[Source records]
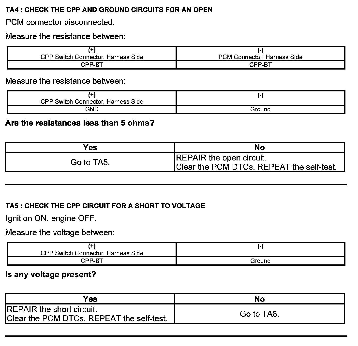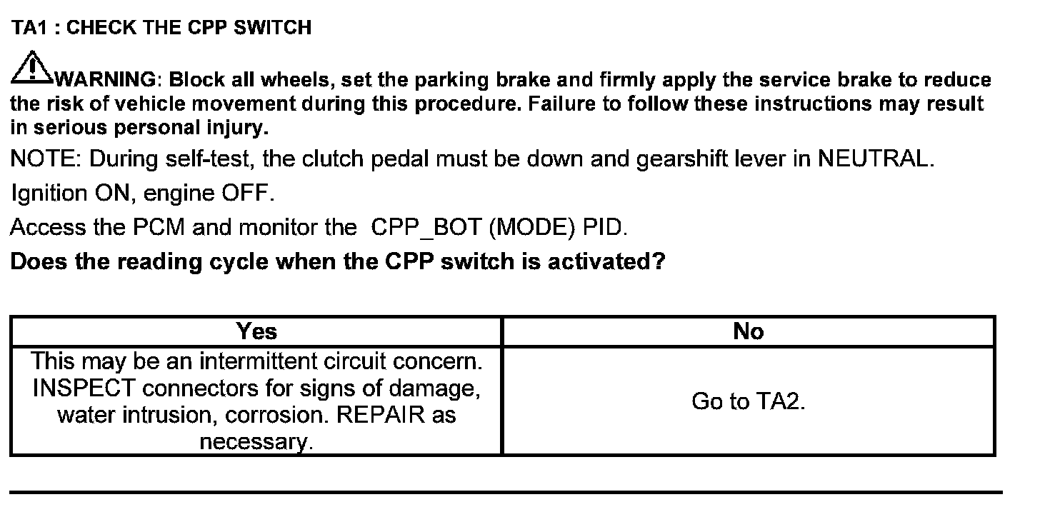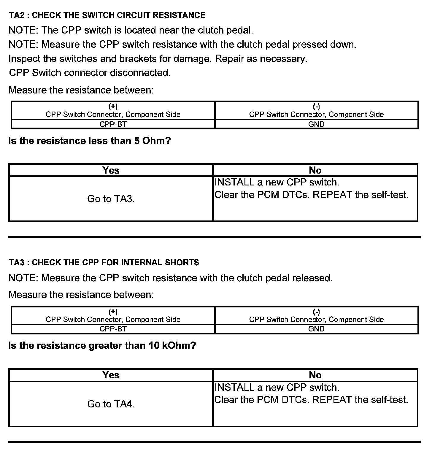 Test TA: Clutch Pedal Position (CPP#2) Switch
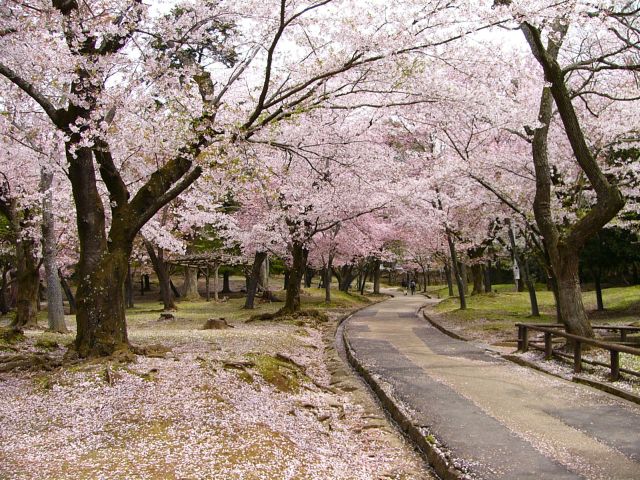 若草山の麓に向かう桜のトンネル、このあたりの桜はいろんな色が混じって、まっこと美しい。
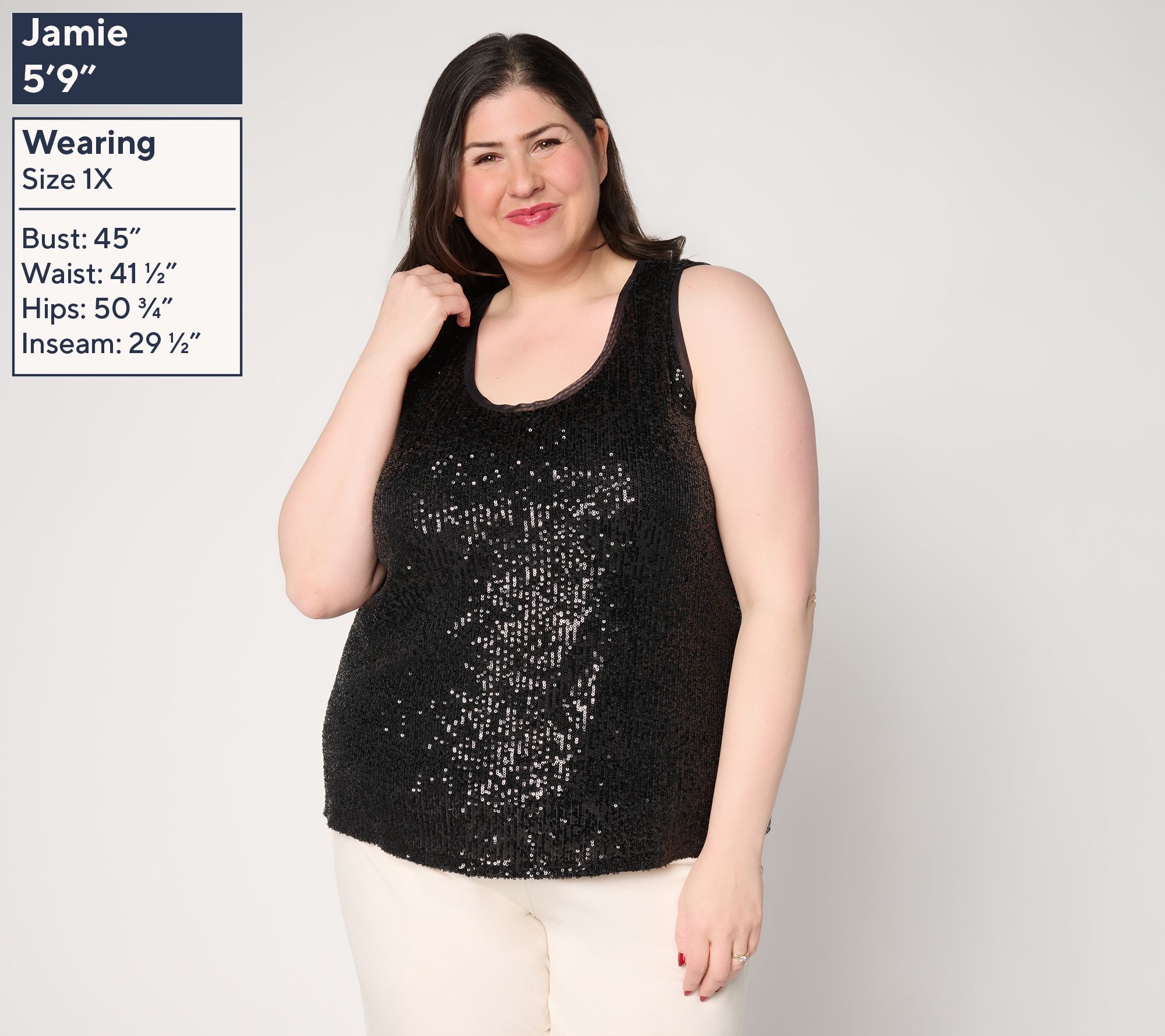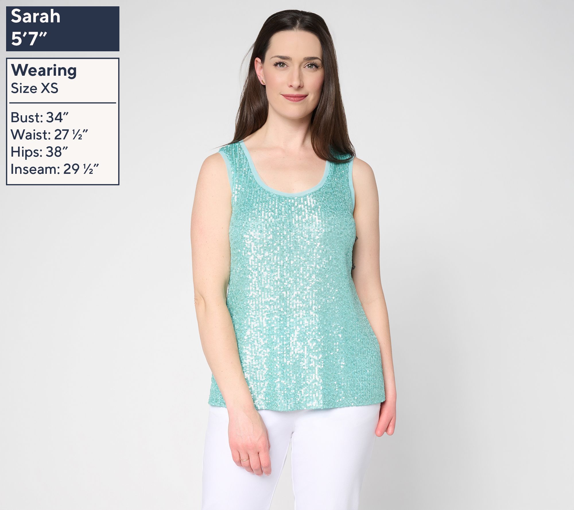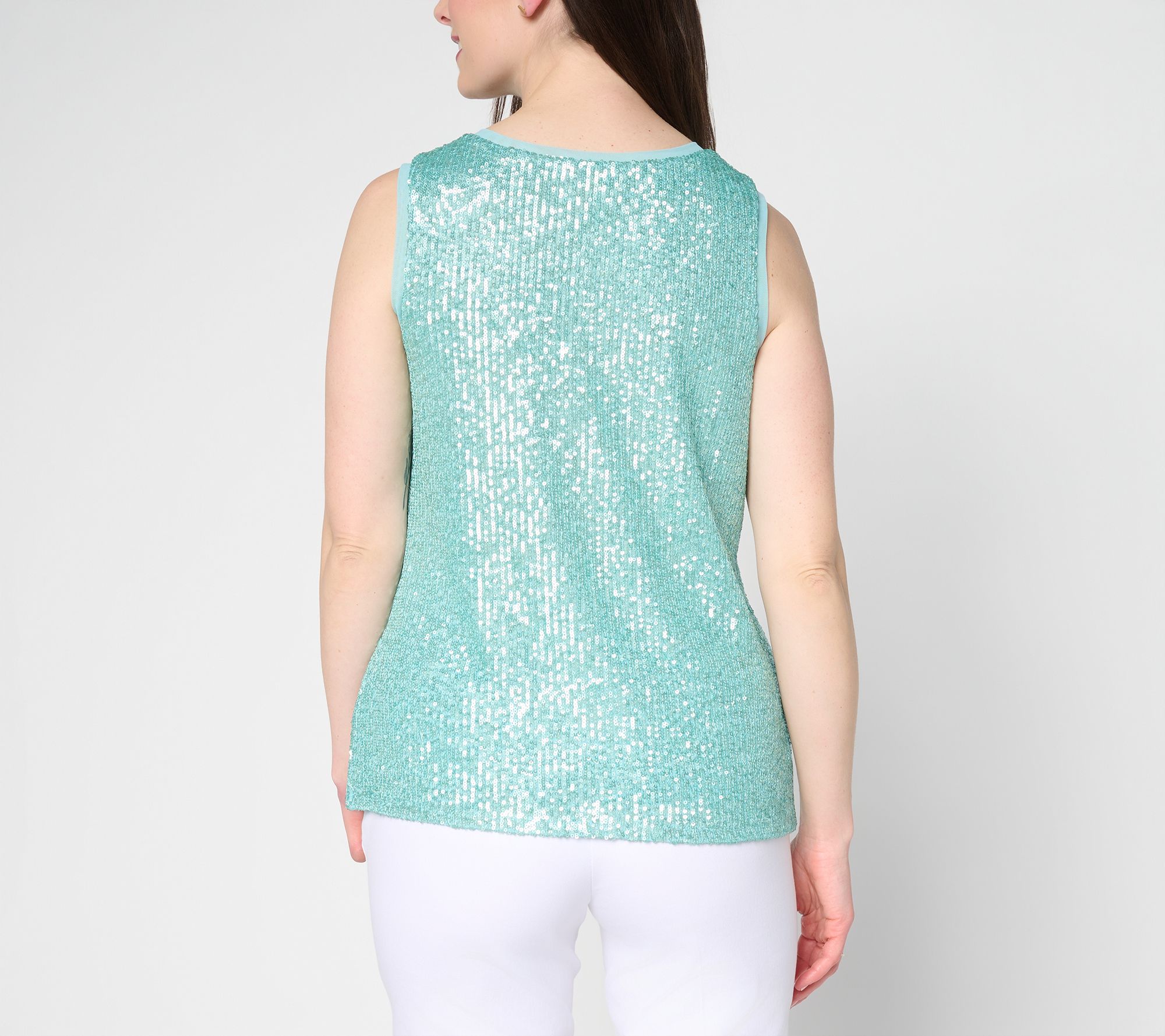 Let your evening glow with the shimmer of this sequin mesh tank -- designed to pair effortlessly with dress pants or your favorite skirt. Bold sparkle and soft knit ensure you stand out and stay comfortable from cocktails to the last dance. From Dennis Basso.
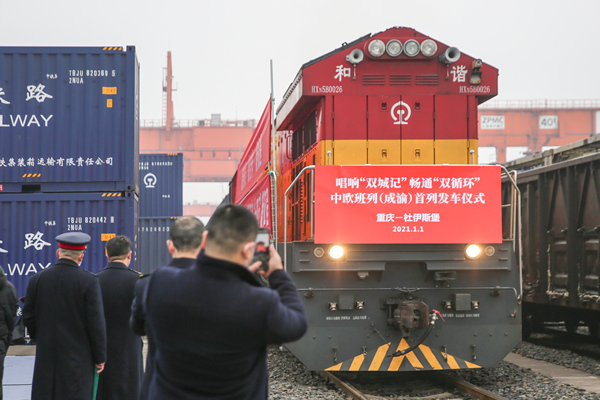 2021年中歐班列(成渝)號開行第一趟列車。重慶國際物流樞紐園區(qū)供圖
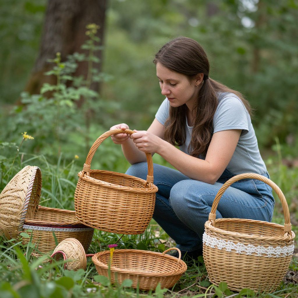 Woman inspecting handmade wicker baskets outdoors, surrounded by natural greenery and additional woven items, showcasing traditional craftsmanship in a serene forest setting.
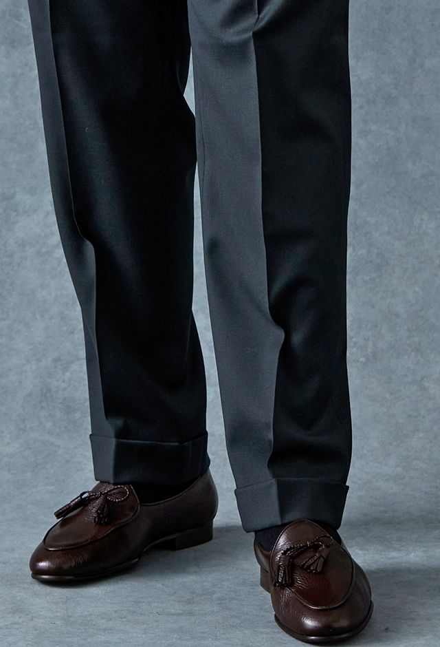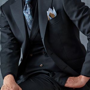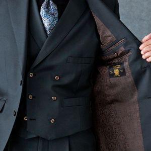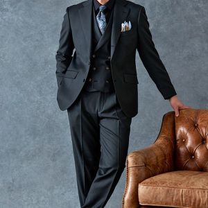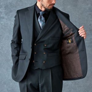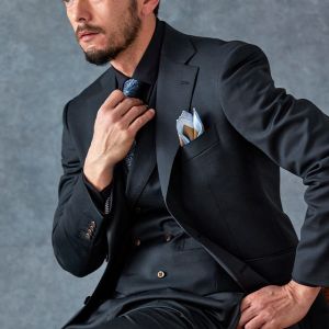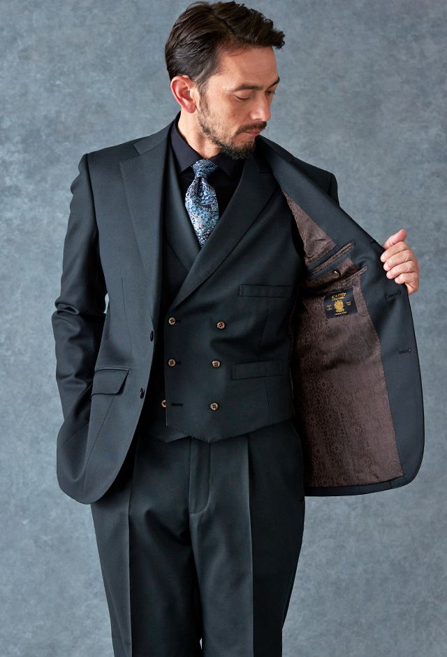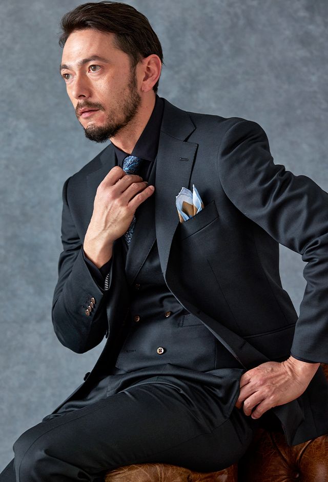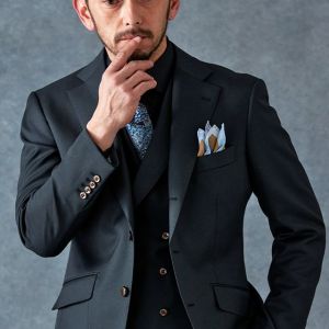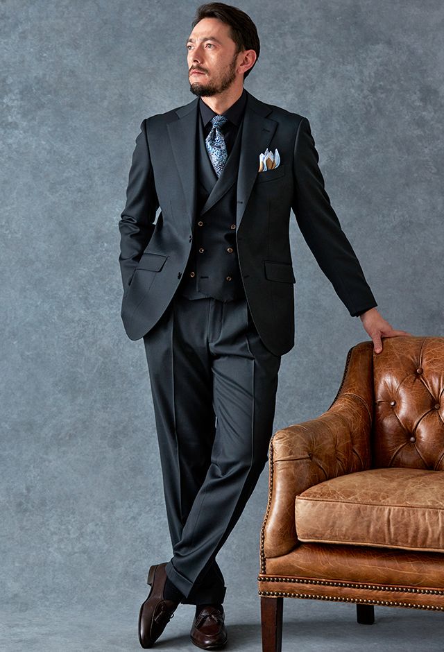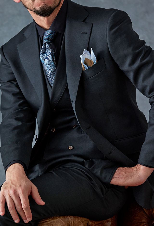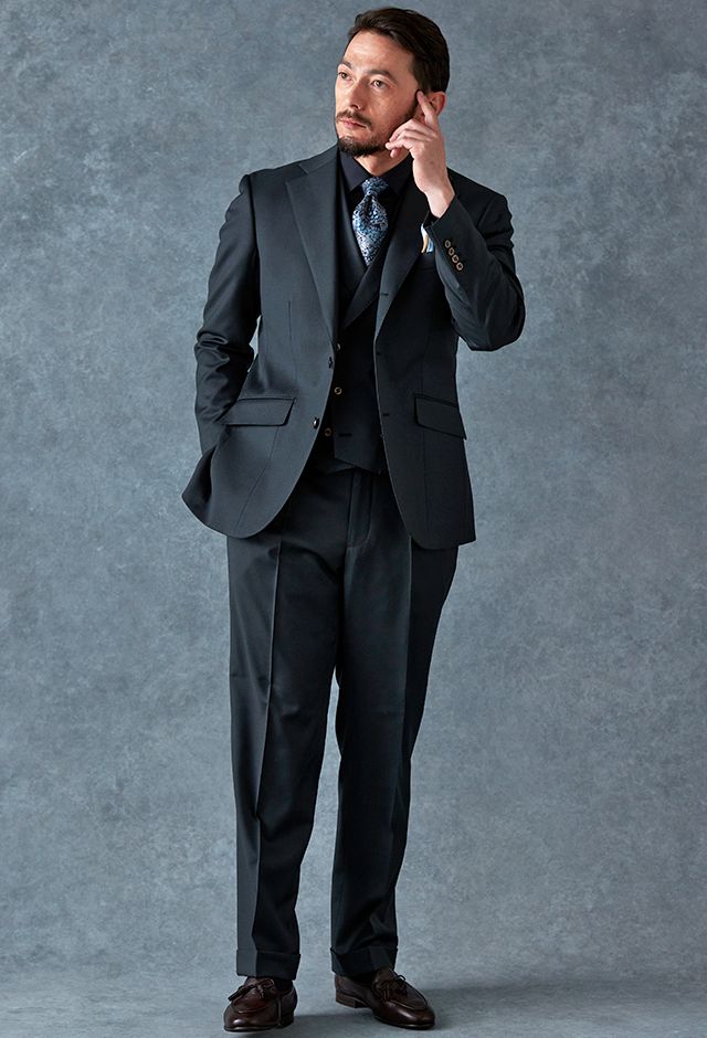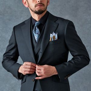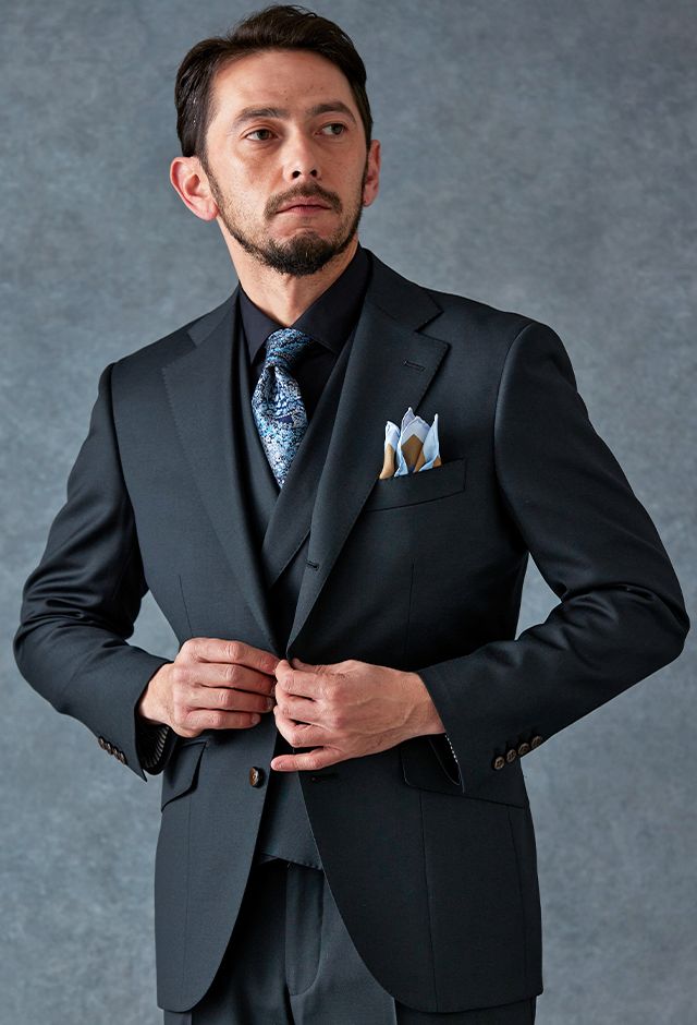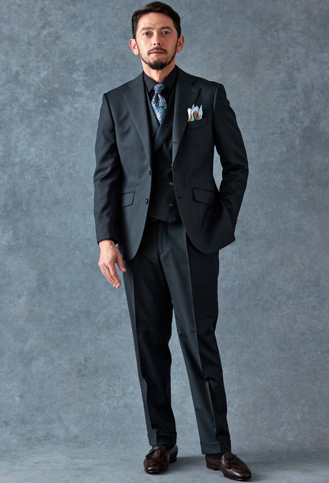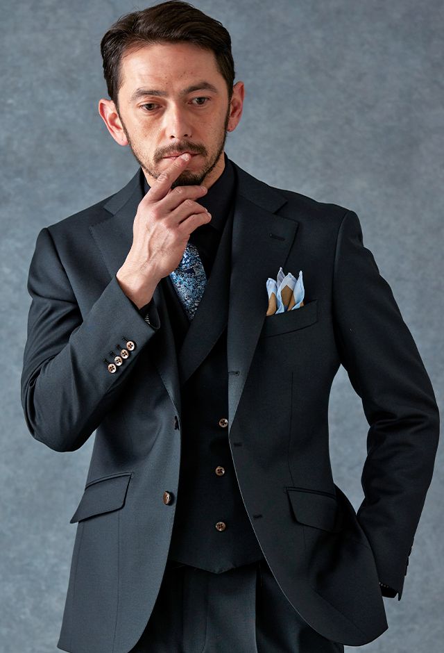 高品質でコストパフォーマンスに優れたイタリアブランド「カノニコ」で仕立てたスーツです。落ち着きがあるグレーがかったダークグリーンのスタイルで、オールシーズン着用していただけます。最高峰グレードの「カイザーモデル」で極上の着心地を味わうことが出来ます。ベストはダブル仕様で、クラシックな雰囲気を演出。フロントの6つボタンが程よい重厚感を引き立てています。シャツとネクタイをブラック×ブルーでまとめることで、モノトーンの中に奥行きをプラス。ポケットチーフは柄を効かせたアクセントとなり、シックな中にも華やかさを添えています。

• TASK STATEMENT
Reproduce all entries exactly. Pictures do not belong in the copy.

• RESULT OF THIS EXERCISE
 Test TA: Clutch Pedal Position (CPP#2) Switch
 若草山の麓に向かう桜のトンネル、このあたりの桜はいろんな色が混じって、まっこと美しい。
 Let your evening glow with the shimmer of this sequin mesh tank -- designed to pair effortlessly with dress pants or your favorite skirt. Bold sparkle and soft knit ensure you stand out and stay comfortable from cocktails to the last dance. From Dennis Basso.
 2021年中歐班列(成渝)號開行第一趟列車。重慶國際物流樞紐園區(qū)供圖
 Woman inspecting handmade wicker baskets outdoors, surrounded by natural greenery and additional woven items, showcasing traditional craftsmanship in a serene forest setting.
 高品質でコストパフォーマンスに優れたイタリアブランド「カノニコ」で仕立てたスーツです。落ち着きがあるグレーがかったダークグリーンのスタイルで、オールシーズン着用していただけます。最高峰グレードの「カイザーモデル」で極上の着心地を味わうことが出来ます。ベストはダブル仕様で、クラシックな雰囲気を演出。フロントの6つボタンが程よい重厚感を引き立てています。シャツとネクタイをブラック×ブルーでまとめることで、モノトーンの中に奥行きをプラス。ポケットチーフは柄を効かせたアクセントとなり、シックな中にも華やかさを添えています。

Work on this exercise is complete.